On Friday, Catholic Democrats from the George Soros-funded group Faith in Public Life (FPL) posted an online letter blasting Cardinal Dolan and other bishops for engaging in a phone call last Saturday with President Trump, insisting that the president is “not pro-life.”

“Instead of challenging Trump’s cruelty toward immigrants, denial of climate change and racism, Cardinal Dolan praised the president,” the letter declared. “He even joked he talked to Trump more than his own mother.”

“The cardinal then went on Fox News to thank Trump for his sensitivity to ‘the feelings of the religious community,’” the letter lamented.

In his interview Friday, Cardinal Dolan said he takes heat from the right and from the left, which is the price of engaging in dialogue.

“Put it in perspective: I’m getting much more criticism from those on what you might call the ‘right,’ who are saying, ‘Why in the world did you work with Sen. Schumer on the sustenance package” and with Gov. Cuomo and Mayor de Blasio? Dolan asked.

Dolan said his approach is an answer to Pope Francis’s call for “bridge-building.”

The Catholic program director at Faith in Public Life is John Gehring, the former communications director at Catholics in Alliance for the Common Good, a group created by John Podesta, former campaign chairman for Hillary Clinton, to plant the seeds of “revolution” in the Catholic church. The plot to subvert the Catholic church from the inside was revealed by WikiLeaks in 2012, when it published a series of Podesta’s emails.

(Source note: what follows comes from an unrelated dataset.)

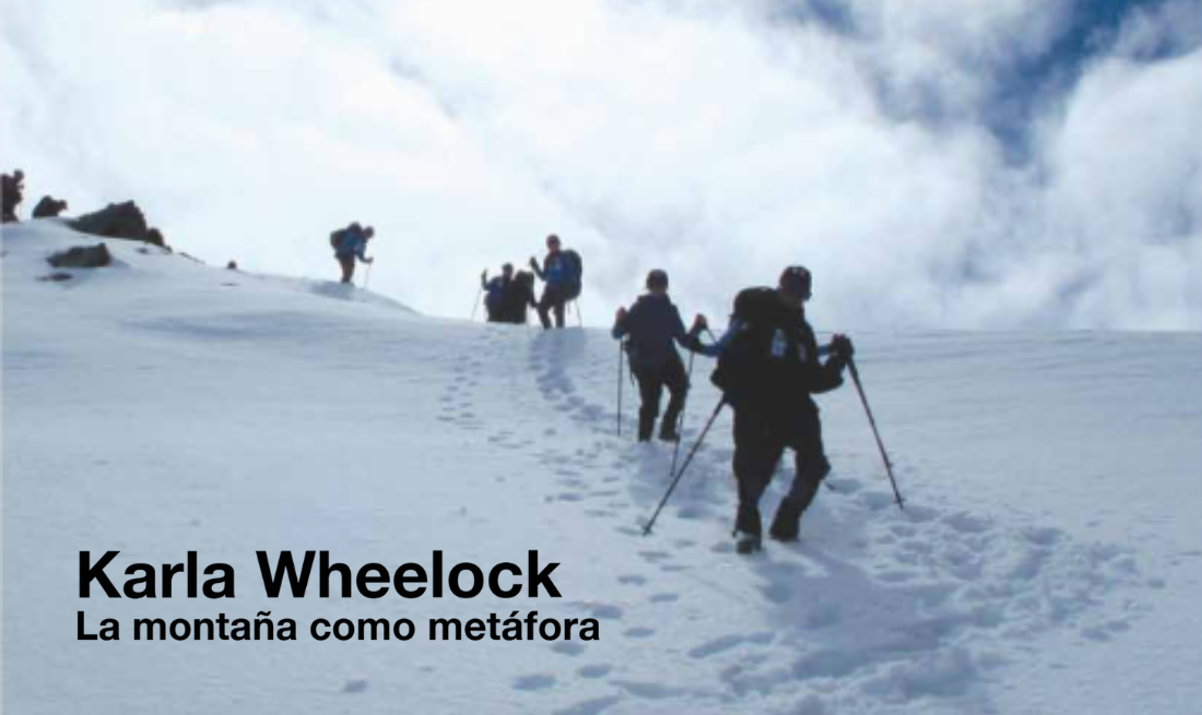 Para Karla Wheelock, la experiencia del montañismo, o más precisamente de la montaña, como ella lo expresa, es una parábola de la vida, de los desafíos, riesgos, esfuerzos y vínculos

Faith in Public Life is not the only left-wing group to attack Cardinal Dolan for engaging in dialogue with President Trump.

On Tuesday, the progressive National Catholic Reporter (NCR) published an editorial lambasting the cardinal for “capitulating” to the Republican Party.

In their op-ed, the newspaper’s editors insisted that “the cardinal archbishop of New York has inextricably linked the Catholic Church in the United States to the Republican Party and, particularly, President Donald Trump.”

As an unabashed lackey for the Democrat Party, NCR said the Trump administration had “masterfully manipulated” the U.S. bishops into participating in a conference call with the president, during which Cardinal Dolan reportedly said he considers himself a “great friend” of Trump and that he was “honored” to start the comments on the call.